# Which transformer to start with



## Subway Fugitive (Jul 16, 2011)

I plan to build a layout 18" by 6' which I will run a HO trolley on. I am researching which transformer I can use to power it. One forum suggested that the MRC Railpower 1300 would be a good one to start with. I am sure that I will want to have a switch and some lighted houses in the layout. Will this transformer work for me? I love the price especially since I am just working temp jobs sporadically and they do not pay well. 
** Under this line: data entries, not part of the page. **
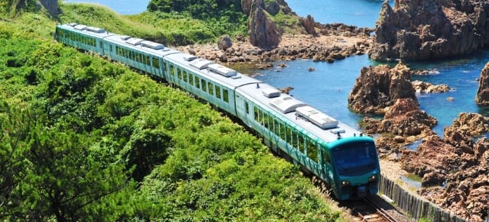 世界自然遺産白神山地と風光明媚な日本海を走る「リゾートしらかみ」。
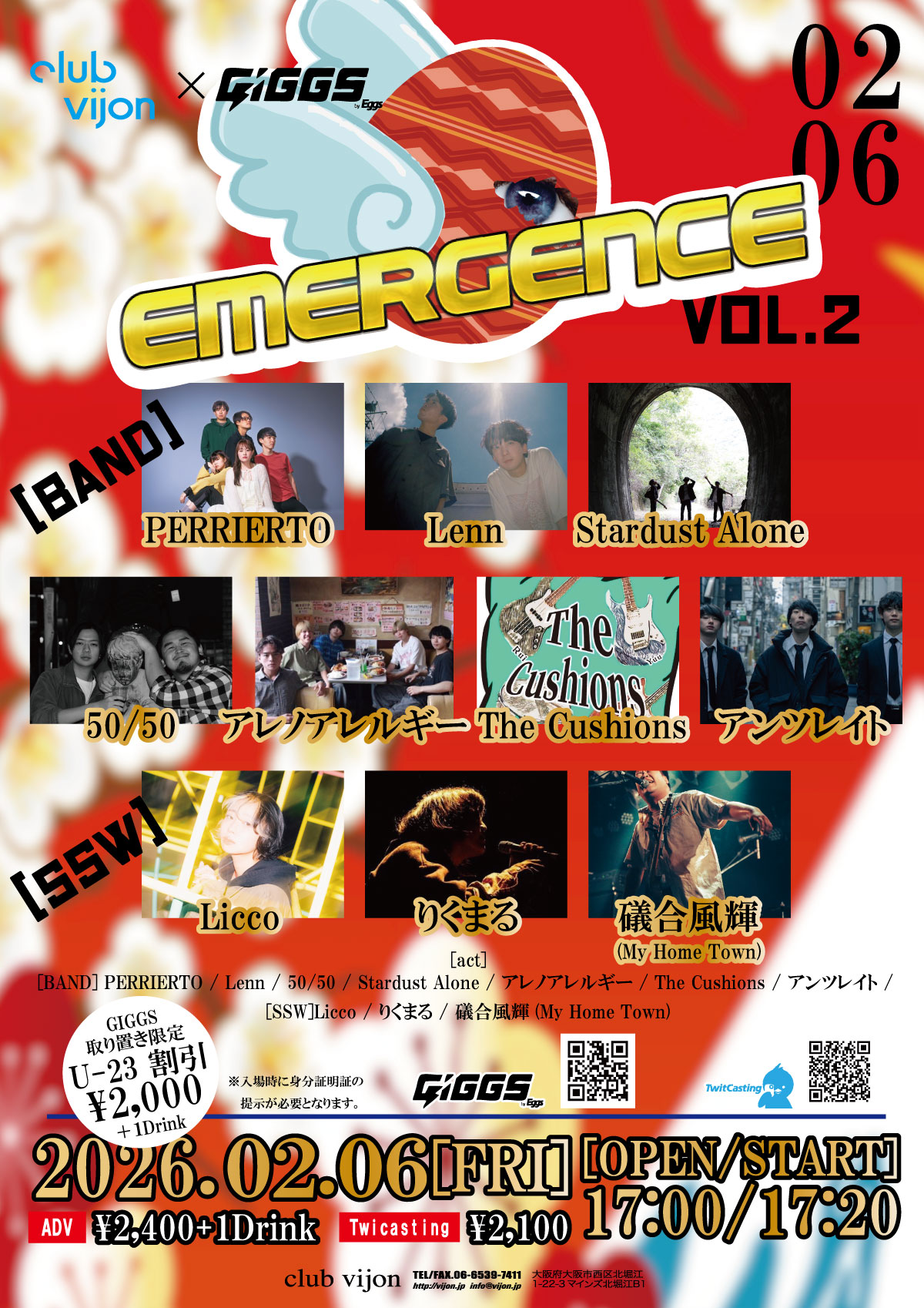 - ①入場チケットADV/DOOR ¥2,400/¥2,900 別途Drink代¥700 (GIGGS)【GIGGS取り置き限定】 U-23:ADV ¥2,000(+1Drink ¥700) ※入場時に身分証明証の提示が必要となります。 ②ツイキャスプレミアム配信チケット ¥2,100 (ツイキャス)
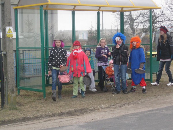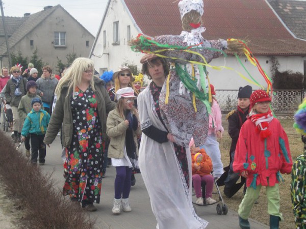 Tradycją w naszej wsi stał się pierwszy dzień wiosny, zawsze witamy go głośno i kolorowo. Tego też dnia zapraszamy do korowodu radnego gminy Chojnice Benedykta Jażdżewskiego, który tego dnia obchodzi imieniny i urodziny, gościliśmy także członków rady sołeckiej, rodziców, a nawet niemowlęta w wózkach.
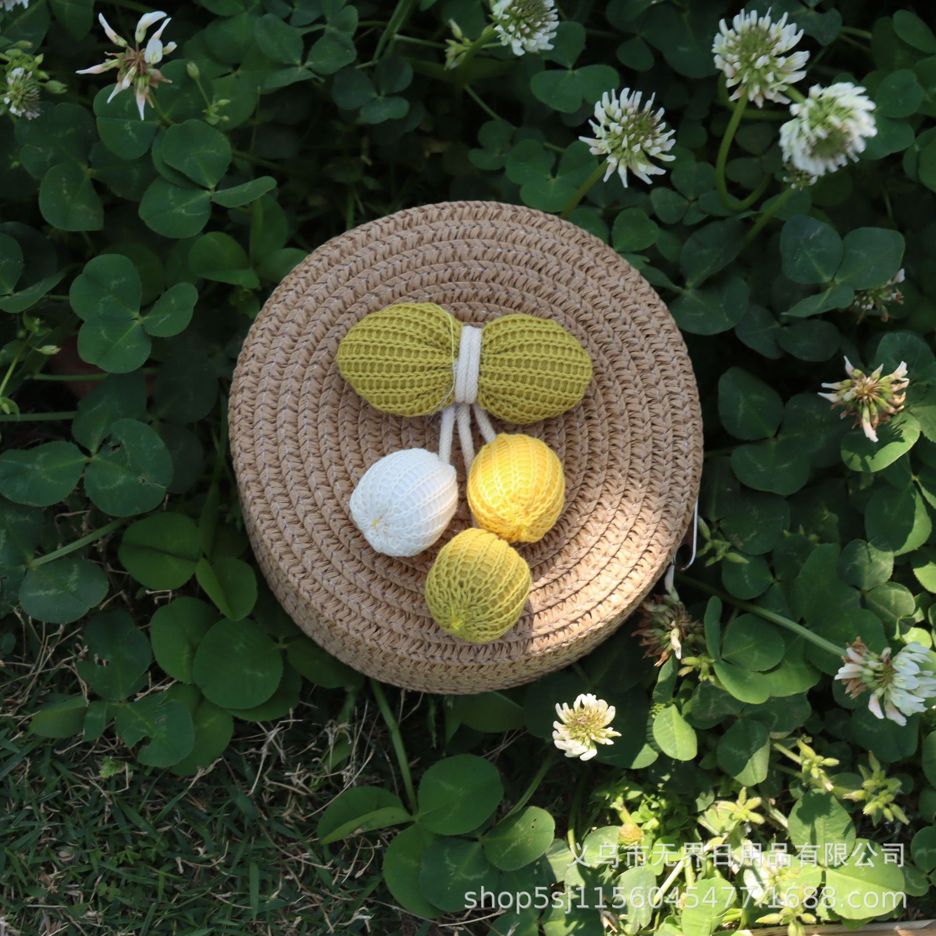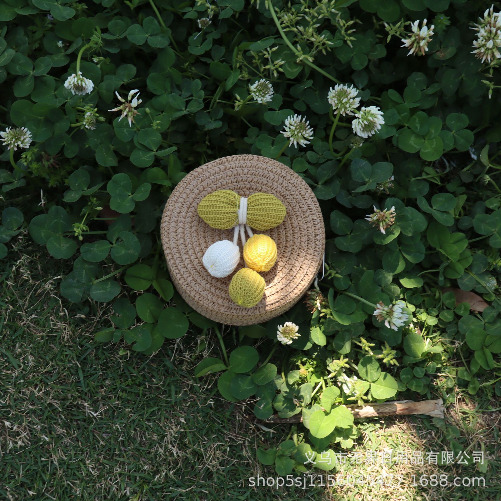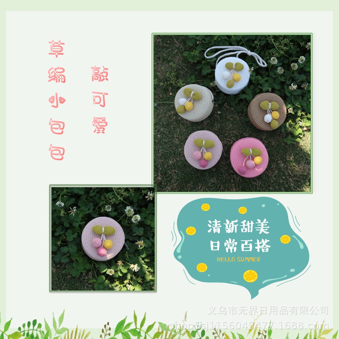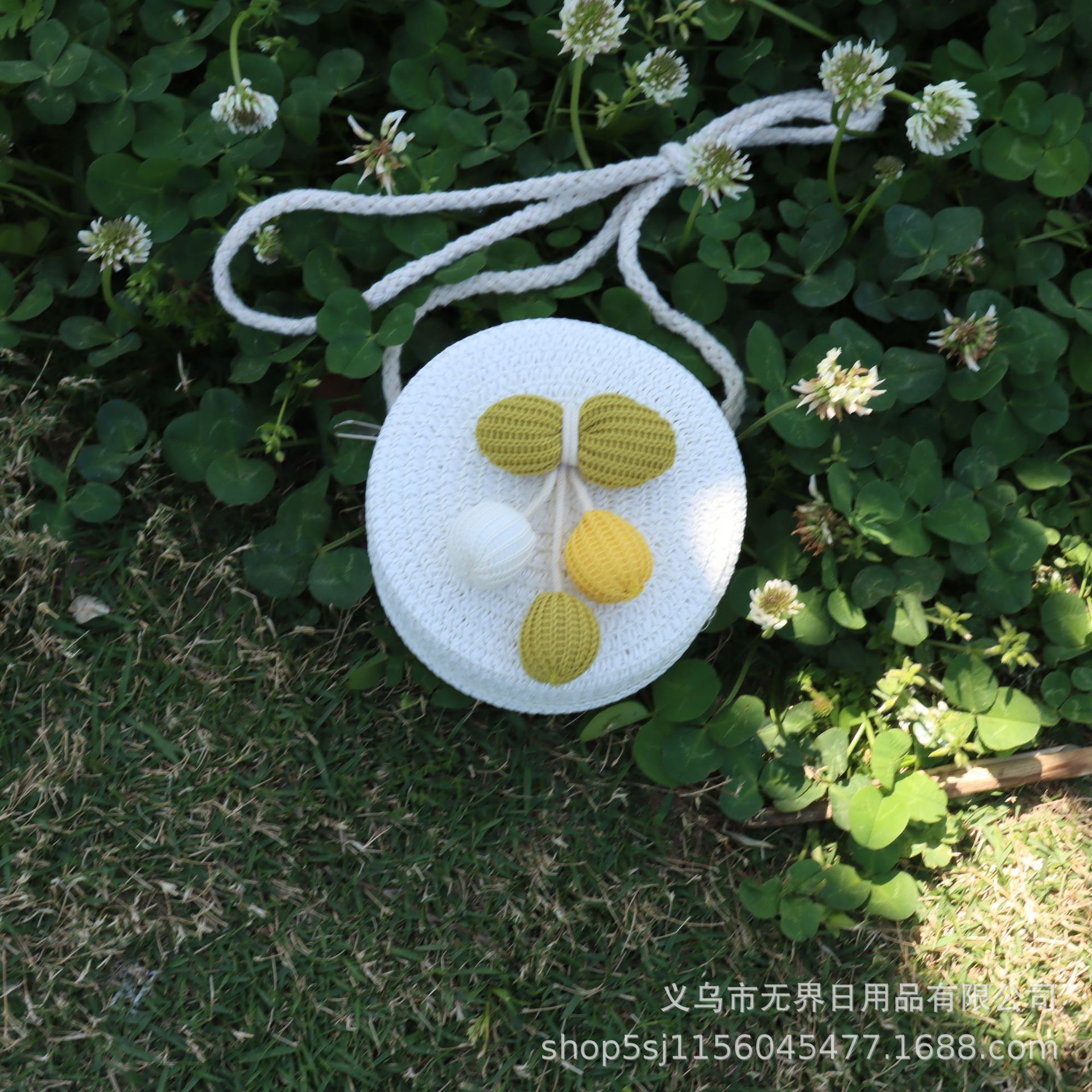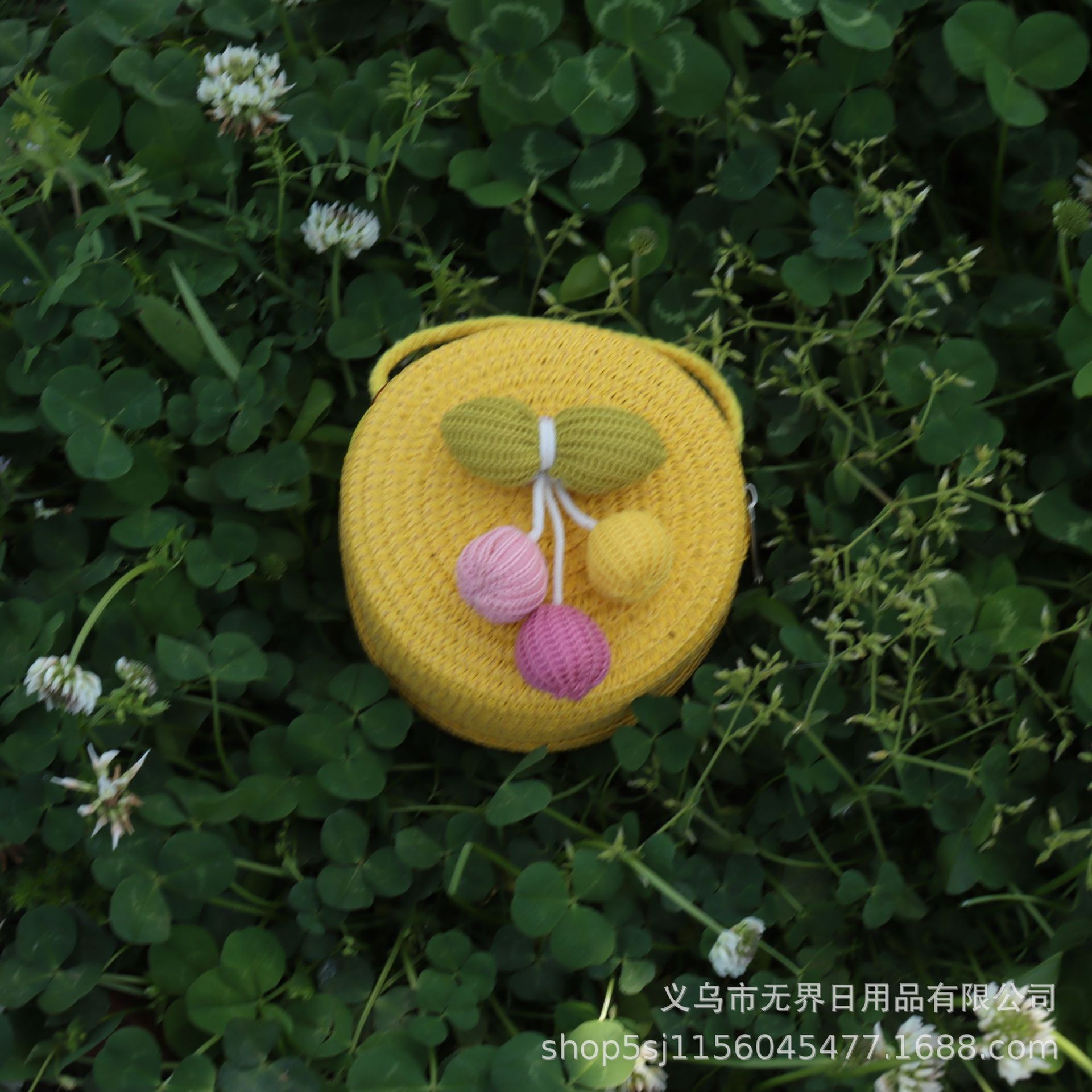 새로운 어린이 밀짚 라운드 가방 인터넷 연예인 스타일 어린이 동전 지갑 크로스 바디 가방 직조 공장 직접 판매 여행 도매스토어 가기

Thanks in advance for your help.


----------



## Subway Fugitive (Jul 16, 2011)

The MRC Tech IIs are really cheap too:thumbsup:


----------



## tjcruiser (Jan 10, 2010)

Ditto on a used MRC Tech II ... inexpensive, and nice for a simple layout.


----------



## Subway Fugitive (Jul 16, 2011)

Thanks TJ. I'm in the market if anyone has one to get rid of.


----------



## jzrouterman (Nov 27, 2010)

For what you're wanting to use it for will be perfect. IMHO, of all the little transformers on the market, the MRC Railpower 1300 is by far the best and the most powerful, and for the price it can't be beat. You'll enjoy it. 

Routerman


----------



## Subway Fugitive (Jul 16, 2011)

Just purchased my first trolley on ebay, a Bachman Brill Trolley. I'll keep my open for a used MRC transformer and pick up some track this weekend. The layout will develop slowly as my budget allows. Thanks for your help.


----------



## tkruger (Jan 18, 2009)

You cannot go wrong with an MRC Tech series or Railpower transformer. Both are good quality units. I am using much older MRC units to run my layout and have never had any issues. The only suggestion that I can make is get one with overload protection. If not put a breaker or something to protect it. It will alert you of shorts quickly.


----------